Python Forum

Full Version: Using pandas library
You're currently viewing a stripped down version of our content. View the full version with proper formatting.
Hi,

I am a teacher and we are using python and pandas data structure. I am having trouble with this code:

import pandas as pd
numbers = pd.DataFrame([[3],[8],[4],[9],[14],[17]])
numbers.index = ["Odd", "Even", "Even", "Odd", "Even", "Odd"]
# check if 0 or 1
for i in numbers:
    i = numbers % 2
    print(i)
    if i == 0:
        numbers[1] = ["Y"]
    else:
        numbers[1] = ["N"]
I get i printed correctly but when i run the if statements and trying to add new column data i get this error:

Quote:Traceback (most recent call last):
File "C:/Users/ramit/PycharmProjects/grade10A1/lesson.py", line 15, in <module>
if i == 0:
File "C:\Users\ramit\PycharmProjects\grade10A1\venv\lib\site-packages\pandas\core\generic.py", line 1326, in __nonzero__
raise ValueError(
ValueError: The truth value of a DataFrame is ambiguous.
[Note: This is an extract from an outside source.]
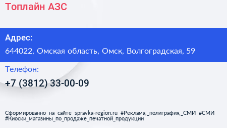 Топлайн, АЗС по адресу 644022, Омская область, Омск, Волгоградская, 59 в дальнейшем Организация, размещена в следующих категориях:

Use a.empty, a.bool(), a.item(), a.any() or a.all().

Please help,
Thanks.
You're overwriting the for loop variable i within the loop. You never use i as an index into the dataframe.
Also when using Pandas is looping through rows/columns rarely the best solution.
In fact Pandas even has a red warning about this.
Pandas Wrote:Iterating through pandas objects is generally slow.
In many cases, iterating manually over the rows is not needed and can be avoided (using) a vectorized solution,
many operations can be performed using built-in methods or NumPy functions, (boolean) indexing.
So as example with your code,could eg use np.where.
import pandas as pd
import numpy as np

numbers = pd.DataFrame([[3],[8],[4],[9],[14],[17]], columns=['Numbers'])
numbers['Odd/Even'] = np.where(numbers['Numbers'] % 2, 'Odd', 'Even')
Output:
>>> numbers Numbers Odd/Even 0 3 Odd 1 8 Even 2 4 Even 3 9 Odd 4 14 Even 5 17 Odd
(Oct-25-2020, 09:52 AM)snippsat Wrote: [ -> ]Also when using Pandas is looping through rows/columns rarely the best solution.
In fact Pandas even has a red warning about this.
Pandas Wrote:Iterating through pandas objects is generally slow.
In many cases, iterating manually over the rows is not needed and can be avoided (using) a vectorized solution,
many operations can be performed using built-in methods or NumPy functions, (boolean) indexing.
So as example with your code,could eg use np.where.
import pandas as pd
import numpy as np

numbers = pd.DataFrame([[3],[8],[4],[9],[14],[17]], columns=['Numbers'])
numbers['Odd/Even'] = np.where(numbers['Numbers'] % 2, 'Odd', 'Even')
Output:
>>> numbers Numbers Odd/Even 0 3 Odd 1 8 Even 2 4 Even 3 9 Odd 4 14 Even 5 17 Odd

Thanks for answering but we didn't give students the numpy, is there other ways?
My understanding is that Pandas is built on Numpy (based on a google search and checking a number of sites), so if you gave them Pandas you also gave them numpy implicitly. Try it out
Did figure out something that does not use numpy.
import pandas as pd
 
numbers = pd.DataFrame([[3],[8],[4],[9],[14],[17]], columns=['Numbers'])
numbers['Odd/Even'] = numbers['Numbers'].map(lambda x : x%2)
numbers
Output:
Numbers Odd/Even 0 3 1 1 8 0 2 4 0 3 9 1 4 14 0 5 17 1